◆ Data shown

* * *

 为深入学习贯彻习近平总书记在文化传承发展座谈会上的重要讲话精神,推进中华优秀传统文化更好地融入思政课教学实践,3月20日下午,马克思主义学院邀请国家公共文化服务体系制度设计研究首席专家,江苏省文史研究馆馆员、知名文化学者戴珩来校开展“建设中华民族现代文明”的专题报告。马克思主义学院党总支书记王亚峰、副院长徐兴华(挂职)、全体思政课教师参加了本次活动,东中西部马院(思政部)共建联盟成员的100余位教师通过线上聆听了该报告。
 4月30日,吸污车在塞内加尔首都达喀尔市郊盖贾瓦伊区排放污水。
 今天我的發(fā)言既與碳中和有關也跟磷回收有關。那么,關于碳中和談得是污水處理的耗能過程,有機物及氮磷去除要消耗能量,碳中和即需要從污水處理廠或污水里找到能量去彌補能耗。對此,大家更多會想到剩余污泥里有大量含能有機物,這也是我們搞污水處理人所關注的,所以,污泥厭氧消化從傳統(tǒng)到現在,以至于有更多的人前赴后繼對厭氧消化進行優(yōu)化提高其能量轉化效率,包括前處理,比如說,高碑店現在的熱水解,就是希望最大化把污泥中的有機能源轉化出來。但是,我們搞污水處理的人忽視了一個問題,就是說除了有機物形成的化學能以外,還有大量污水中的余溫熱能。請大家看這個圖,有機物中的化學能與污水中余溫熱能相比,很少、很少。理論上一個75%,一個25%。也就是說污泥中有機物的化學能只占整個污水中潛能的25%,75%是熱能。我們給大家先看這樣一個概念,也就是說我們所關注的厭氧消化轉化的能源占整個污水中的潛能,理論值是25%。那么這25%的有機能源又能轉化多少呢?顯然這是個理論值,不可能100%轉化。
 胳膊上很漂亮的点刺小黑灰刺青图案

* * *

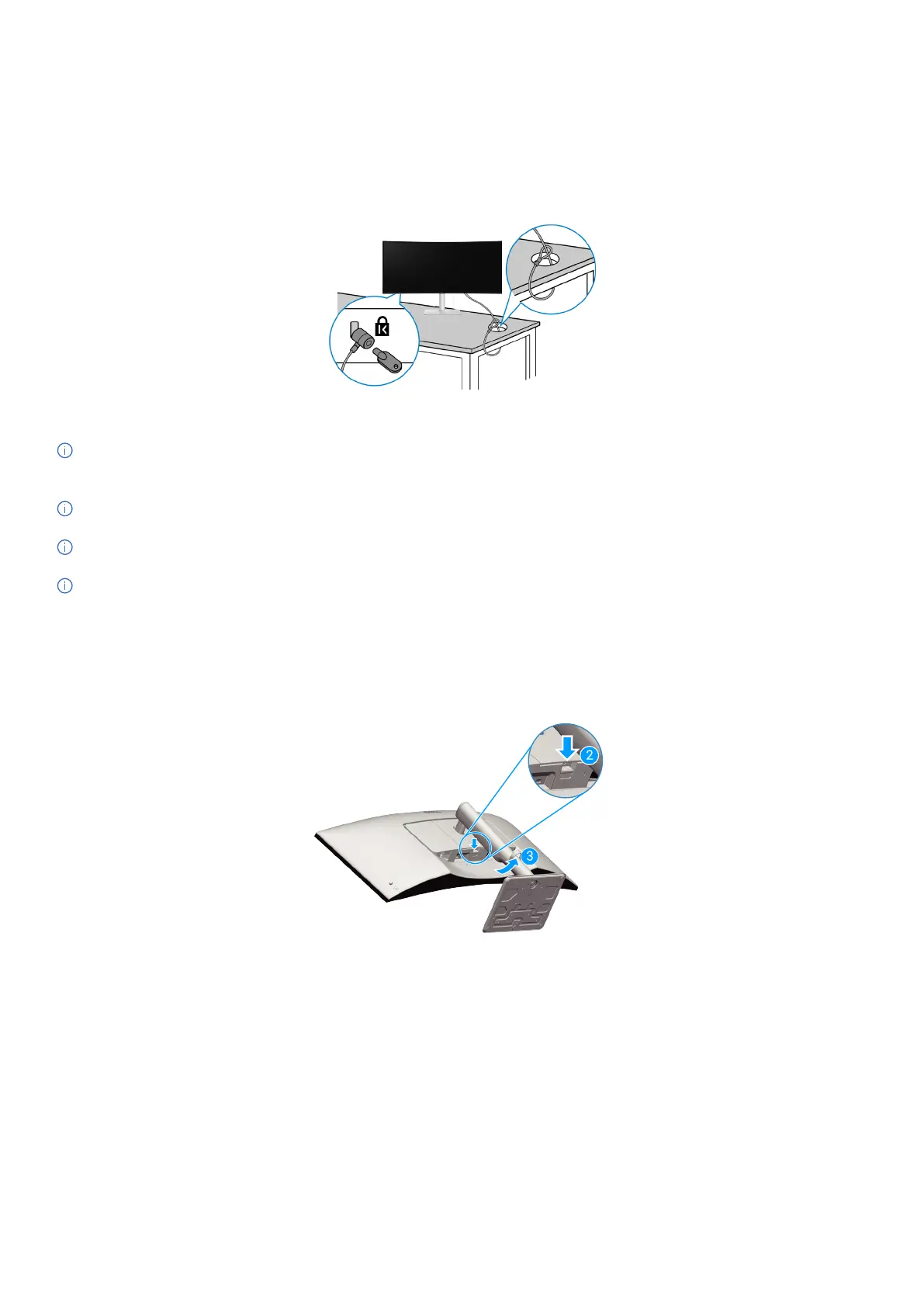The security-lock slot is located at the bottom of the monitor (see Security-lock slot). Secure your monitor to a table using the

* * *

Above are records; repeat only the lines starting at the line with "今天我的發(fā)言既與碳中" and ending at the line with "胳膊上很漂亮的点刺小黑灰刺青图案", exactly as they appear, both included.

 今天我的發(fā)言既與碳中和有關也跟磷回收有關。那么,關于碳中和談得是污水處理的耗能過程,有機物及氮磷去除要消耗能量,碳中和即需要從污水處理廠或污水里找到能量去彌補能耗。對此,大家更多會想到剩余污泥里有大量含能有機物,這也是我們搞污水處理人所關注的,所以,污泥厭氧消化從傳統(tǒng)到現在,以至于有更多的人前赴后繼對厭氧消化進行優(yōu)化提高其能量轉化效率,包括前處理,比如說,高碑店現在的熱水解,就是希望最大化把污泥中的有機能源轉化出來。但是,我們搞污水處理的人忽視了一個問題,就是說除了有機物形成的化學能以外,還有大量污水中的余溫熱能。請大家看這個圖,有機物中的化學能與污水中余溫熱能相比,很少、很少。理論上一個75%,一個25%。也就是說污泥中有機物的化學能只占整個污水中潛能的25%,75%是熱能。我們給大家先看這樣一個概念,也就是說我們所關注的厭氧消化轉化的能源占整個污水中的潛能,理論值是25%。那么這25%的有機能源又能轉化多少呢?顯然這是個理論值,不可能100%轉化。
 胳膊上很漂亮的点刺小黑灰刺青图案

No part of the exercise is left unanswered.